_Exercise inputs_
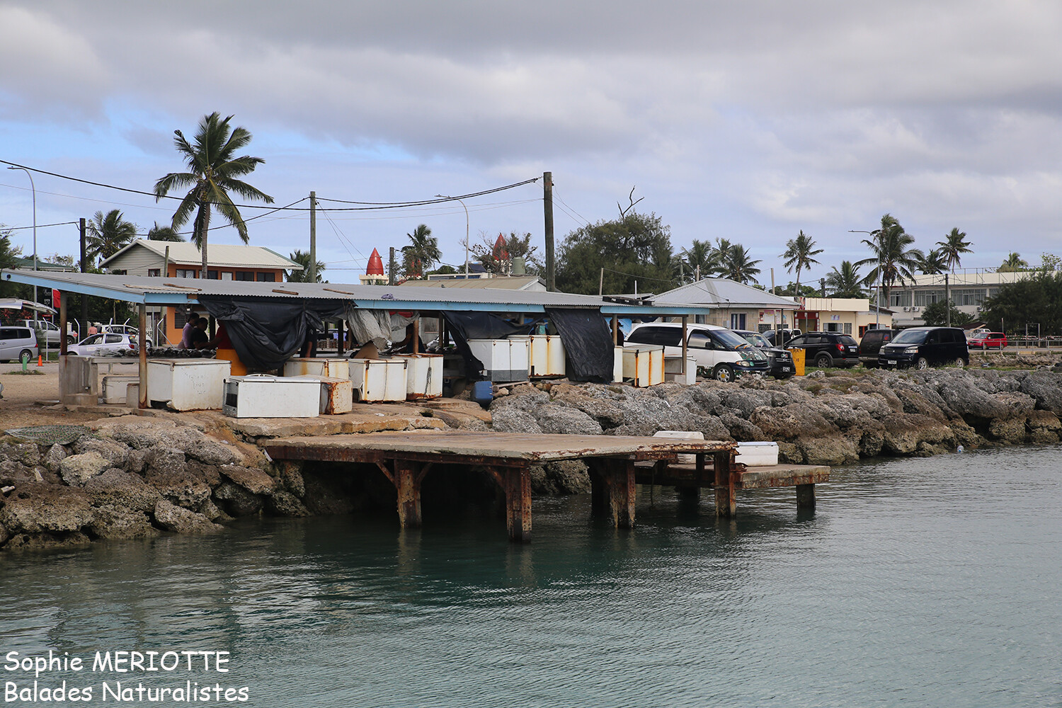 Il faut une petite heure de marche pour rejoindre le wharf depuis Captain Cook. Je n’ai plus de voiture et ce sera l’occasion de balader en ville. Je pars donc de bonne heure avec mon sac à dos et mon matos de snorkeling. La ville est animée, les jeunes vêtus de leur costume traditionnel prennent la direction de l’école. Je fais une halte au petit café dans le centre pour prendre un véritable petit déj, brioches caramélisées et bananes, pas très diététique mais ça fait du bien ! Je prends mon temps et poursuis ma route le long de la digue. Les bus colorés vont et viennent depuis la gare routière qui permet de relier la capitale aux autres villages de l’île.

--

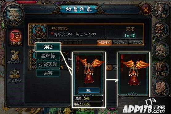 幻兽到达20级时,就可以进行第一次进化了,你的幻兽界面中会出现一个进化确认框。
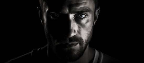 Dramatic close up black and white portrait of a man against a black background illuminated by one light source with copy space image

_Problem requirements_
Please output, exactly as written, the lines above from the one holding "幻兽到达20级时,就可以进行第一次进化了,你的幻兽界面中会出现一个进化确认框。" through the one holding "Dramatic close up", both included, with the pictures omitted.

_Final answer_
 幻兽到达20级时,就可以进行第一次进化了,你的幻兽界面中会出现一个进化确认框。
 Dramatic close up black and white portrait of a man against a black background illuminated by one light source with copy space image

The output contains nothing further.